Requirement
An exact transcription of every record below is required, with the pictures left out.

Provided information
****************
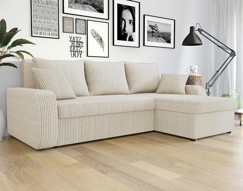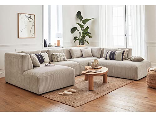 Homécanapé angle convertible 5 places velours côtelé beige c...
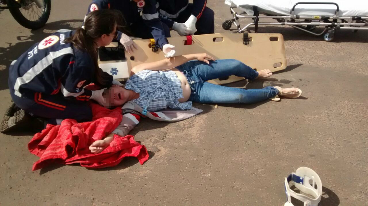 Jovem motociclista fica ferida após se envolver em acidente em Três Lagoas
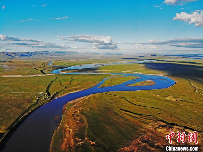 圖為甘南藏族自治州瑪曲黃河。(無人機(jī)照片)九美旦增攝
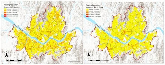 Floating population at night (00:00~06:00) and during the day (11:00~14:00) in 100 m × 100 m.
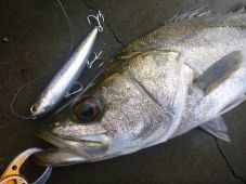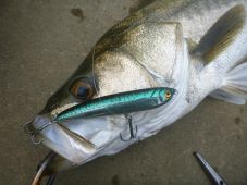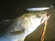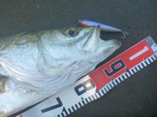 サイズアップを期待してルアーを投げ続ける。サミー128に再びヒットしたが、ルアーと同サイズのセイゴ。引き寄せてくる際にフックオフした。この魚が出てからは、パタリとボイルが止んでしまった。本命魚の活性が上がったのは45分間程度。ボイルはなくなっても水底に潜んでいる事も考えられるので、少しずつ移動しながら我慢強くキャストを繰り返していると30分後にチャンス到来。サミー128にドカンと出た。魚の出方は良かったが、引き具合からして70cmには届きそうもない。釣り上げたスズキは色黒の66cmだった。
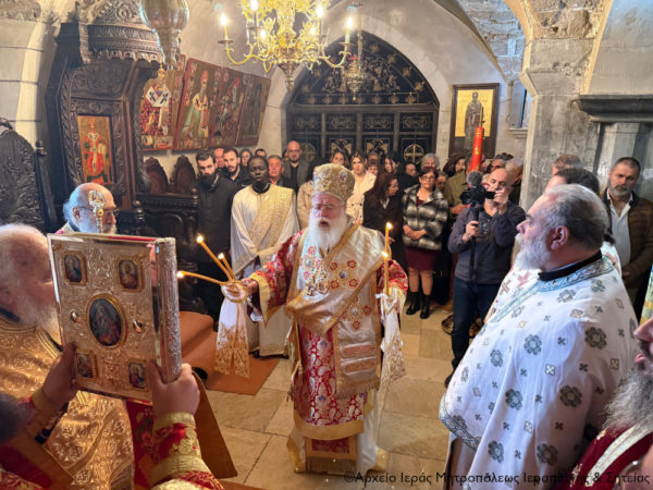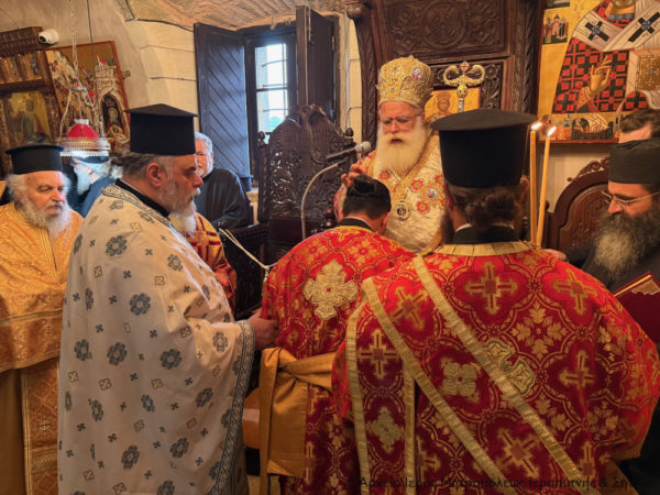 Στην Αρχιερατική Θεία Λειτουργία έλαβαν μέρος ο ο Παν/τος Αρχιμ. Φιλόθεος Σπανουδάκης, Προηγούμενος της Μονής, ο Πανοσιολ. Αρχιμ. π. Πορφύριος Μπικουβαράκης, Διευθυντής της Σχολής Μαθητείας Υποψηφίων Κληρικών (Σ.Μ.Υ.Κ.) Κρήτης, ο Αιδεσιμ. Πρωτ. Γεώργιος Τσικαλάκης, συνταξ. Εφημέριος και εφημερεύων της Ενορίας Έξω Μουλιανών, ο Αιδεσιμολ. Πρωτ. Ιωάννης Μαστοράκης, Υποδιευθυντής της Σχολής Μαθητείας Υποψηφίων Κληρικών Κρήτης, ο Αιδεσιμ. Πρωτ. Νικόλαος Παθιάκης, Εφημέριος της Ενορίας του Ι. Καθεδρικού Ναού Αγίας Αικατερίνης Σητείας, ο Αιδεσιμ. Οικονόμος π. Νικόλαος Σαββιδάκης, Εφημέριος της Ενορίας Αχλαδίων, και οι Διάκονοι Θεμιστοκλής Μπεϊνάς και Στέφανος Ογιούπ, κληρικός του Πατριαρχείου Αλεξανδρείας και σπουδαστής της Σ.Μ.Υ.Κ. Κρήτης, ενώ ο Πανοσιολ. Ηγούμενος της Ι. Μονής Τοπλού και Πρωτοσύγκελος της Ι. Μητροπόλεως Αρχιμ. Αμβρόσιος Σκαρβέλης εκτελούσε χρέη τελετάρχη.
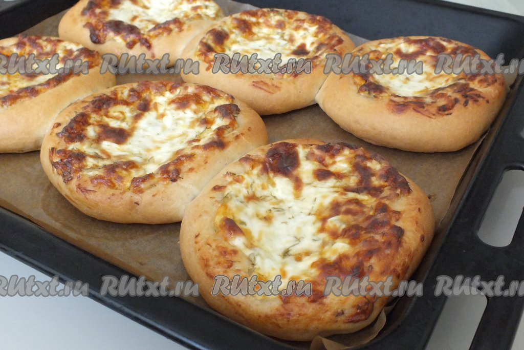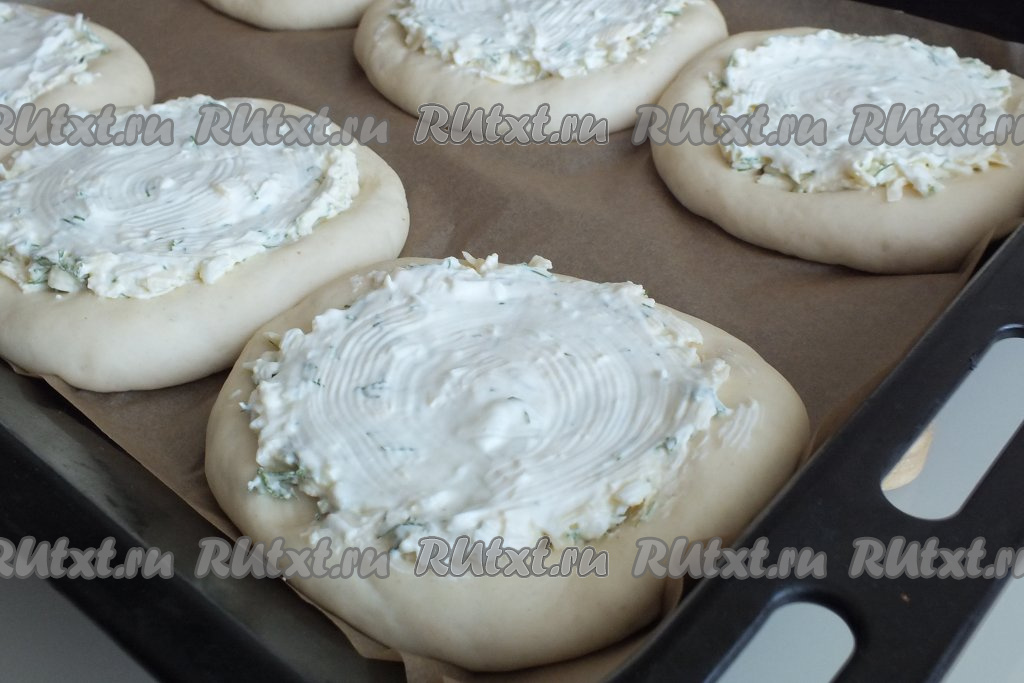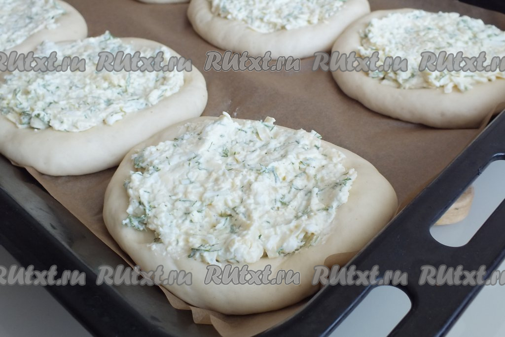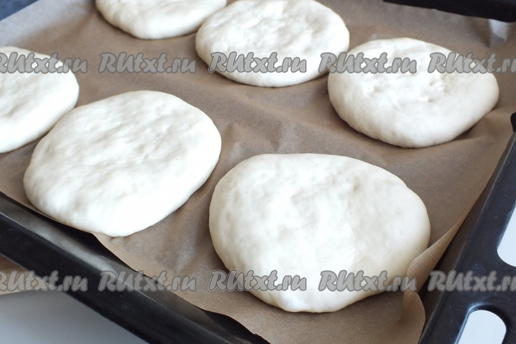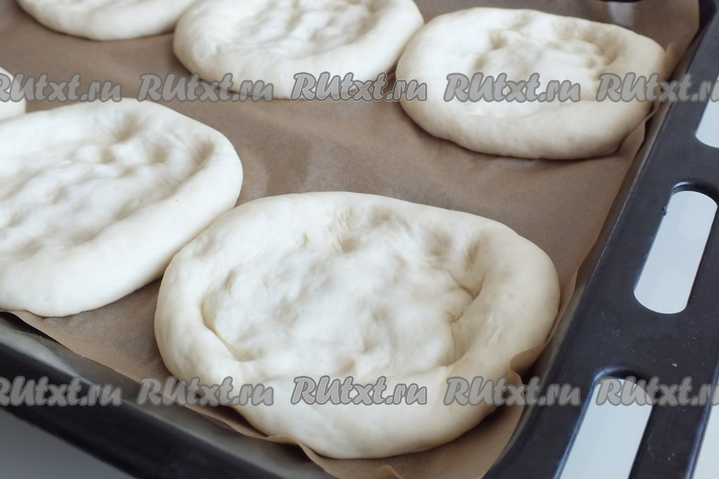 Застелите противень пергаментной бумагой. Каждую заготовку разомните в лепёшку диаметром 12 см. Выложите на противень (лучше выложить лепёшки на некотором расстоянии друг от друга) и оставьте на 15 минут.
****************
Output below
 Homécanapé angle convertible 5 places velours côtelé beige c...
 Jovem motociclista fica ferida após se envolver em acidente em Três Lagoas
 圖為甘南藏族自治州瑪曲黃河。(無人機(jī)照片)九美旦增攝
 Floating population at night (00:00~06:00) and during the day (11:00~14:00) in 100 m × 100 m.
 サイズアップを期待してルアーを投げ続ける。サミー128に再びヒットしたが、ルアーと同サイズのセイゴ。引き寄せてくる際にフックオフした。この魚が出てからは、パタリとボイルが止んでしまった。本命魚の活性が上がったのは45分間程度。ボイルはなくなっても水底に潜んでいる事も考えられるので、少しずつ移動しながら我慢強くキャストを繰り返していると30分後にチャンス到来。サミー128にドカンと出た。魚の出方は良かったが、引き具合からして70cmには届きそうもない。釣り上げたスズキは色黒の66cmだった。
 Στην Αρχιερατική Θεία Λειτουργία έλαβαν μέρος ο ο Παν/τος Αρχιμ. Φιλόθεος Σπανουδάκης, Προηγούμενος της Μονής, ο Πανοσιολ. Αρχιμ. π. Πορφύριος Μπικουβαράκης, Διευθυντής της Σχολής Μαθητείας Υποψηφίων Κληρικών (Σ.Μ.Υ.Κ.) Κρήτης, ο Αιδεσιμ. Πρωτ. Γεώργιος Τσικαλάκης, συνταξ. Εφημέριος και εφημερεύων της Ενορίας Έξω Μουλιανών, ο Αιδεσιμολ. Πρωτ. Ιωάννης Μαστοράκης, Υποδιευθυντής της Σχολής Μαθητείας Υποψηφίων Κληρικών Κρήτης, ο Αιδεσιμ. Πρωτ. Νικόλαος Παθιάκης, Εφημέριος της Ενορίας του Ι. Καθεδρικού Ναού Αγίας Αικατερίνης Σητείας, ο Αιδεσιμ. Οικονόμος π. Νικόλαος Σαββιδάκης, Εφημέριος της Ενορίας Αχλαδίων, και οι Διάκονοι Θεμιστοκλής Μπεϊνάς και Στέφανος Ογιούπ, κληρικός του Πατριαρχείου Αλεξανδρείας και σπουδαστής της Σ.Μ.Υ.Κ. Κρήτης, ενώ ο Πανοσιολ. Ηγούμενος της Ι. Μονής Τοπλού και Πρωτοσύγκελος της Ι. Μητροπόλεως Αρχιμ. Αμβρόσιος Σκαρβέλης εκτελούσε χρέη τελετάρχη.
 Застелите противень пергаментной бумагой. Каждую заготовку разомните в лепёшку диаметром 12 см. Выложите на противень (лучше выложить лепёшки на некотором расстоянии друг от друга) и оставьте на 15 минут.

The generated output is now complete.